The weather is good again today so we are having a BBQ dinner party tonight.


----------



## taxlady (May 2, 2011)

You're making me hungry.


----------



## Bolas De Fraile (May 2, 2011)

Tax mate, tonight my wife is preparing the food for the grill, its workers day so we are having  Feta stuffed Pljeskavica (serbian burgers) Cevapcici (beef,pork,veal patties) served with Lepinja rolls, if I am lucky I will grill some belly pork. The smoked trout will be our starter
PS I will be making Gravlax this week.


----------



## taxlady (May 2, 2011)

Bolas De Fraile said:


> Tax mate, tonight my wife is preparing the food for the grill, its workers day so we are having  Feta stuffed Pljeskavica (serbian burgers) Cevapcici (beef,pork,veal patties) served with Lepinja rolls, if I am lucky I will grill some belly pork. The smoked trout will be our starter
> PS I will be making Gravlax this week.



Gravlax is a funny, hibred way to spell it, to me.

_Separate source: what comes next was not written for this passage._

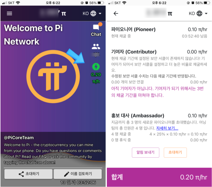 0.02 x 4명 = 시간당 0.1파이 채굴 가능합니다.

Gravad lax (Swedish), graved or gravad laks (Danish), gravlaks (Norwegian), graflax (Icelandic).

But, however you spell it, it's yummy.


----------



## buckytom (May 2, 2011)

bolax, , that looks mighty tasty. i love grilled lamb rib chops! nice job on all of it.


----------



## Bolas De Fraile (May 2, 2011)

Thank you BulkyTum


----------



## taxlady (May 2, 2011)

You two are cracking me up. Bolax is pretty good, even if it isn't the standard spelling. 

maybe it was a typo?


----------



## buckytom (May 2, 2011)

lol tasylady.

bulkytum was better. sadly accurate. 

although, i'm not sure if i want to know what bolax is.

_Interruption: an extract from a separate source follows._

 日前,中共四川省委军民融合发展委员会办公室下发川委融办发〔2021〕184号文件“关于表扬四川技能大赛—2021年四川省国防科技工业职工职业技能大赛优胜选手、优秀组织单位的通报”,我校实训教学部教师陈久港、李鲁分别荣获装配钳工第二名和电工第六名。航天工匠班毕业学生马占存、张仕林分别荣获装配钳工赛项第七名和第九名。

sounds like a drain cleaner. lol.


----------



## Bolas De Fraile (May 2, 2011)

Detox mate, I don't think it was a Taco, Bulky and I seem to have a similar warped sense of Hampers


----------



## buckytom (May 2, 2011)

most certainly.


----------



## pacanis (May 2, 2011)

Very nice, Bolas. A real feast.


----------



## Bolas De Fraile (May 3, 2011)

The first pic is of the Feta stuffed Pljeskavica, The mix is equal amounts of, ground beef,pork and veal I then half fill the burger press add the feta, fill with the meat and press.


----------



## PrincessFiona60 (May 3, 2011)

buckytom said:


> bolax, , that looks mighty tasty. i love grilled lamb rib chops! nice job on all of it.


 


Bolas De Fraile said:


> Thank you BulkyTum


 


taxlady said:


> You two are cracking me up. Bolax is pretty good, even if it isn't the standard spelling.
> 
> maybe it was a typo?


 


buckytom said:


> lol tasylady.
> 
> bulkytum was better. sadly accurate.
> 
> ...


 


Bolas De Fraile said:


> Detox mate, I don't think it was a Taco, Bulky and I seem to have a similar warped sense of Hampers


 


buckytom said:


> most certainly.


 
You guys owe me new cushions on my Sofa...


----------



## medtran49 (May 3, 2011)

Lovely lamb chops, haven't had those for a long time.... hint, hint hunny.


----------



## Rocklobster (May 3, 2011)

medtran49 said:


> Lovely lamb chops, haven't had those for a long time.... hint, hint hunny.


I was just thinking the same thing. I think today will be the day. Nice job Bolas! Thanks to you, I have to take a drive into town to get a rack of lamb, and some decent red wine.....


----------